Happily Ever After? From Trainspotting to Porno

Irvine Welsh?s Porno.

Irvine Welsh?s Porno.

MiMi Yeh

Welcome back to Leith and the lives of contemporary literature’s biggest screwballs in Porno, Irvine Welsh’s sequel to his bestseller Trainspotting. (W.W. Norton and Co., hardcover, 484 pages, $24.95). Simon “Sick Boy” Williamson, Mark “Rents” Renton, Frank Begbie, Danny “Spud” Murphy, and Rab “Second Prize” Birrell are all back and still trying to make it a decade later.

Rents, who screwed his buddies out of their share of the cash in a drug deal made ten years prior, has been successful in running a club in Amsterdam. Sick Boy is still up to his old scams, having just recently taken over his aunt’s bar, while Begbie was released from prison after finishing his term for a manslaughter sentence that should have been first-degree murder. Spud is drying out and working on a history of Leith on breaks between shooting heroin and using speed. Meanwhile, Second Prize has finally sobered up again, only to slide back into the sauce at Sick Boy’s urging.

Sick Boy’s frustration with his failures has culminated into the ultimate scheme: putting together a pornographic movie for the “other” Cannes Film Festival in the hopes of becoming an adult movie master. Aiding in this scam, there is Nicola “Nikki” Fuller-Smith, paying her tuition with hand-jobs, bored, and longing for recognition. Terry “Juice” Lawson, a throwback to Welsh’s last novel, Glue, is a willing performer as well. To complicate matters, Rents has returned to try to pay his old mates back for the money he robbed them of.

Whether it’s movies or books, most sequels are failed attempts to cash in on the success or recapture the magic of the originals. Porno does not fall into either category. Instead, it exemplifies just how much friendships may change but human nature does not.

Sick Boy is still the same self-absorbed, selfish rogue he has always been though he’s met his match this time in Nikki, the manipulative succubus to his incubus, who uses her body to fulfill the desires of her brain. Rents still has a misplaced sense of morality in that he’s trying to make it up to Sick Boy while trying to scam him at the same time.

In the course of the entire novel however, Begbie’s disturbing lack of control grows with every passing violent incident. Unknown to Rents, who thinks that Begbie is still in jail, he is out and hunting for his former friend, preferring to cause suffering instead of accepting the financial reimbursement.

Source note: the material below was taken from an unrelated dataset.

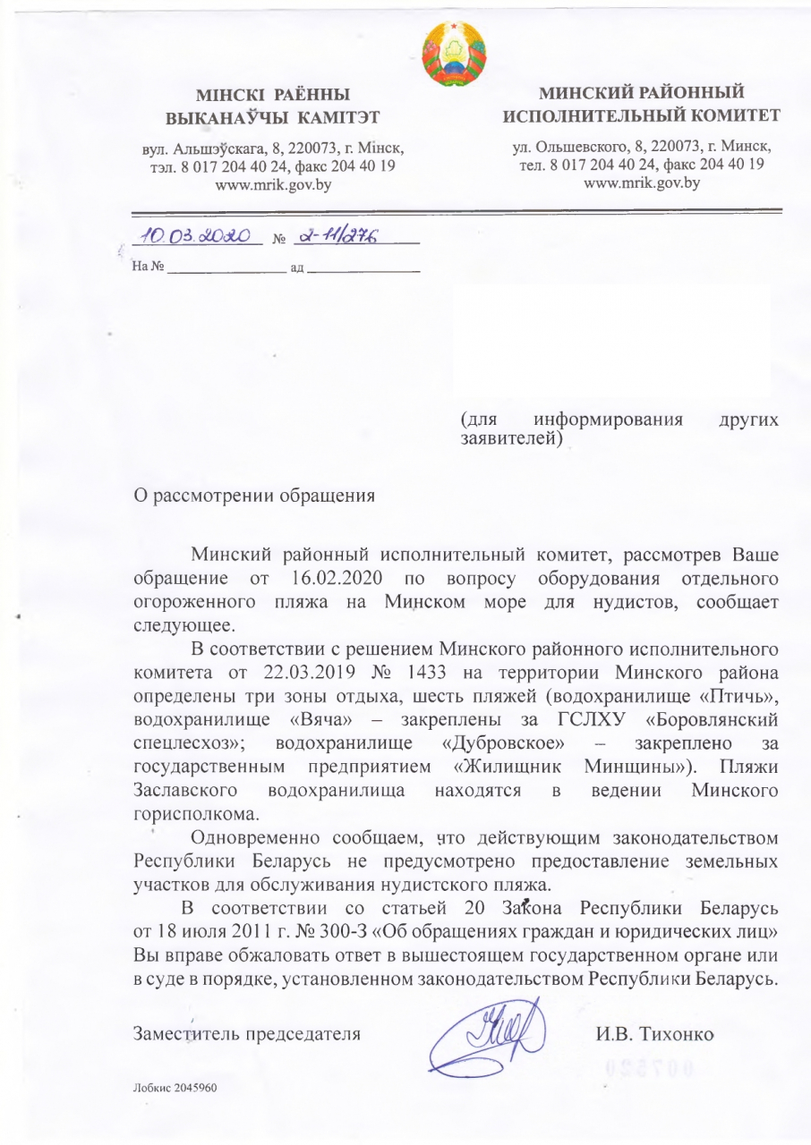 На основании ст. 41 Закона «О местном управлении и самоуправлении», которая устанавливает, что исполкомы распоряжаются природными ресурсами в случаях и порядке, предусмотренных законодательством об охране окружающей среды и рациональном использовании природных ресурсов, принимают меры по рациональному использованию природных ресурсов, предлагаем сделать отдельный огороженный пляж на Минском море, где нудисты смогут насладиться полноценным отдыхом, не мешать другим людям, которые не придерживаются данных взглядов и не быть привлечёнными к административной ответственности.

In the same omniscient narrating style that he used in Trainspotting, we first encounter the similar jarring confusion as to whose mind we’re in until one gets about a quarter of the way into the book, reacquainting ourselves with the sudden changes in consciousness.

Another surprise, Rents’ former, underage flame Dianne is back, although her identity is not known until further into the book when she and Mark, who is involved in a failing relationship himself, meet again when Nikki introduces them. I won’t ruin the ending or give away any more secrets except to say that justice does play a role in some parts and that friendship is all relative.